İslam dini bireylerin bağımsız, özgür, egemen, üretken, sorumlu ve güç karşısında eğilmeyen insanlardan oluşmasını ister. Bu insan tipi İslam coğrafyasına egemen olmak isteyen güçlerin işini zorlaştırmaktadır. Egemen gücün istediği ise yumuşak başlı olan, çıkar endeksli davranan, tüketim odaklı ve ecnebiyle işbirliğine yatkın insan modelidir. Bu tür bir insan modelinin inşası da ancak dinin algı biçimini değiştirmekle mümkündür. Bunun yolu da “öteki din” inşa etmekten geçmektedir.
Dinin siyasal/emperyal bir araç olarak kullanılabilmesi için ilk önce yapılması gereken şey ötekileştirmedir. Yani yapay, sahte ve amaçlara uygun bir biçimde dinin yeniden inşa edilmesidir. Özelde İslam dünyasında, genelde ise bütün Doğu’da İngiltere ve Amerika’nın bunu çok başarılı biçimde yaptığı bilinmektedir.
Bilindiği gibi toplumlar, topraklar ve kaynaklar üzerinde egemenlik kurmak isteyen güçler işe, din üzerinde egemenlik kurmakla başlar. Bu bağlamda Prof. Dr. Nadim Macit’in son çalışması olan “Öteki Din” kitabı zihinleri uyaran veriler sunmaktadır.

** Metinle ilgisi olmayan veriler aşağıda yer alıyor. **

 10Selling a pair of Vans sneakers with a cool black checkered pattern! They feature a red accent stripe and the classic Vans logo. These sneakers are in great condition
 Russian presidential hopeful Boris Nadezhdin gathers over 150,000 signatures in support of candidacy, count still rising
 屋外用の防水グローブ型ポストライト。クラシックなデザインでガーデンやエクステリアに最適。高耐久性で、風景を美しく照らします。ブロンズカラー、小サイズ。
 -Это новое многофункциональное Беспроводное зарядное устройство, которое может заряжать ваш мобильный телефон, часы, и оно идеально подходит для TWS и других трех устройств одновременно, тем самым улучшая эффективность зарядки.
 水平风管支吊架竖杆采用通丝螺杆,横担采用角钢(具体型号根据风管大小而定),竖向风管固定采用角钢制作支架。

Prof. Macit “Öteki Din” i şöyle tarifi etmektedir: “Egemen gücün, politik ve stratejik hedeflerine uyumlu din anlayışıdır.../... Öteki; kendini üstün gören gücün ürettiği ve ortak olarak yanına aldığı ötekidir. Kur’an’ın dilinden, maksatlarından, Hz. Muhammed’in sözünden ve duruşundan uzaktır.../... İslam’ın içinden özel amaç ve hedeflere bağlı olarak üretilen anlayışı karşılar.../... İslam’ın çarpıtılmış, dönüştürülmüş biçimidir”.

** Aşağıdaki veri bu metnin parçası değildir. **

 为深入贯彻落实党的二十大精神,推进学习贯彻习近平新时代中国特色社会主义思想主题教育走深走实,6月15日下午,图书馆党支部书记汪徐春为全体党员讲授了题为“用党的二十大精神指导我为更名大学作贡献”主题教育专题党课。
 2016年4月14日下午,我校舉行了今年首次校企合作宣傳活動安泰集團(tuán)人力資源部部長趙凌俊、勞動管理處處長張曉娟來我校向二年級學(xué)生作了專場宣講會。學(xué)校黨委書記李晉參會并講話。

Profesör Macit, “Öteki Din” ihtiyacının neden kaynaklandığını da şöyle anlatır: “Düşüncenin ve anlam arayışının değil, alıntılama ve kopyalamanın; İslam’ı yeniden anlamanın değil, egemen güçlerin politik ve stratejik hedeflerine uydurmanın; birleşmenin, bir arada yaşamanın değil, ırkçılığın, ayrımcılığın ve bölücülüğün... aracıdır”. Son yıllarda İslam dininin başına “radikal”, “ayarlı”, “ılımlı” sıfatlarını ekleyenlerin tamamı aynı amacı farklı yöntemlerle gerçekleştirmeye çalışanlardır. Bu bağlamda medyada da “Avrupa İslam’ı” ya da “Amerika İslam’ı” gibi tabirlerden “İslamcı Terör” gibi söylemlerden de geçilmez olması da tesadüf değildir.
Olan biten her şey, sahte, öteki bir din inşa etmenin ulaştığı aşamayı göstermektedir. Prof. Dr. Nadim Macit’in “Öteki Din” adlı bu eseri olanın, bitenin gerçek yüzünü anlamada ciddi bir referans kaynağı niteliğindedir. Tabii okuyanlar için!